Das soll alles für den 1. Januar 2015 bereit sein. Wenn wir in der zweiten Jahreshälfte 2014 die Arbeit aufnehmen, werden wir über ein paar Monate nicht stolpern. Falls es mehr werden, könnte man ins Schlittern kommen.

Sie reden kaum noch von der gemeinsamen Einlagensicherung, dem dritten Element der Bankenunion. Ist sie für Sie kein zentrales Element mehr?

Wenn alle anderen Elemente vorhanden sind, ist die Einlagensicherung viel weniger dringend, weil das Risiko deutlich sinkt, dass die nationalen Einlagensicherungen überhaupt einspringen müssen. Das kann dann auf der Zeitschiene behandelt werden. Was aber nicht heißen soll, dass die Mitgliedstaaten keine vorfinanzierte Einlagensicherung brauchen. In Luxemburg gibt es diese bekannterweise noch nicht.

Für Luxemburg ist auch von Bedeutung, wer über die Zulassung neuer Banken entscheidet.

Das wird ganz eindeutig hier in Frankfurt gemacht. Die Mitgliedstaaten bereiten sie vor, aber die gehen hier durch den Filter der gemeinsamen Aufsicht. Diese Entscheidung ist europäisch.

Die Frage der Gebühren treibt ebenfalls viele Bankiers um. Sie befürchten, dass multinationale Finanzinstitute ihre Präsenz auf wenige Standorte in der Aufsichtszone beschränken könnten, um Kosten zu sparen. Ist diese Befürchtung gerechtfertigt?

Die Kosten müssen ja von den Banken getragen werden. Auch hier stellt sich heraus, dass es in Europa große Unterschiede in der Methode zur Berechnung der Gebühren gibt, als auch, was die Höhe der Gebühren an sich betrifft. Es soll eigentlich nicht so sein, dass die Banken zweimal zur Kasse gebeten werden. Wir werden bei den Banken, die wir direkt beaufsichtigen, unsere Gebühren auf oberster Ebene bei den Mutterhäusern einfordern. Was die nationalen Behörden zusätzlich fordern, ist jeweils eine nationale Entscheidung, auf die wir keinen Einfluss haben.

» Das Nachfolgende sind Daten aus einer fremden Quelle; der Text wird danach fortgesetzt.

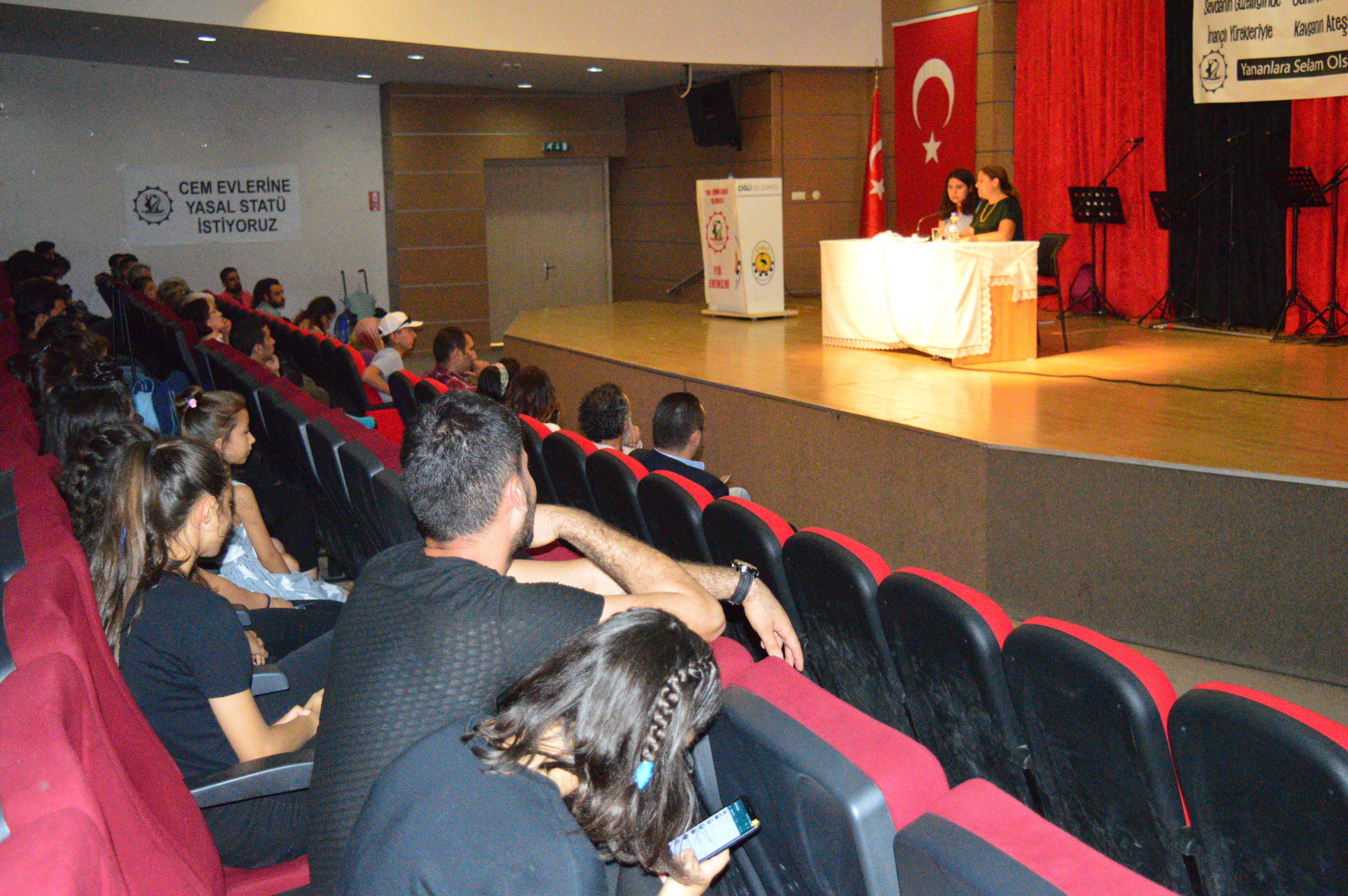 İzmir’de Yol Erenleri, Sivas Katliamı’nın 26. yılında anma etkinliği düzenledi. Anmanın düzenlendiği salona “Cemevlerine yasal statü istiyoruz”, “Eşit yurttaşlık için demokratik anayasa!”, “Sevdanın güzelliğinde canın cana hasretinde inançlı yürekleriyle kavganın ateşlerinde yananlara selam olsun” yazılı dövizler asıldı.

Man sollte aber nicht vergessen, dass die Banken unter unserer direkten Aufsicht nur noch an eine Stelle berichten, anstatt an 27, und dadurch Personal und Kosten sparen.

Werden die Banken dennoch ihren geografischen Fußabdruck an die neuen Aufsichtsgegebenheiten anpassen und deswegen beispielsweise Filialen in Luxemburg schließen?

Die Gegenfrage wäre: Warum waren sie dann in Luxemburg? Die Attraktivität eines Finanzstandorts kann sich nicht nur an der regulatorischen Arbitrage festmachen.

War dem denn in der Vergangenheit so?

Das will ich nicht behaupten. Zumindest meine Erfahrungen in Luxemburg sind deutlich differenzierter. Aber wir werden sehen, wie die Banken reagieren.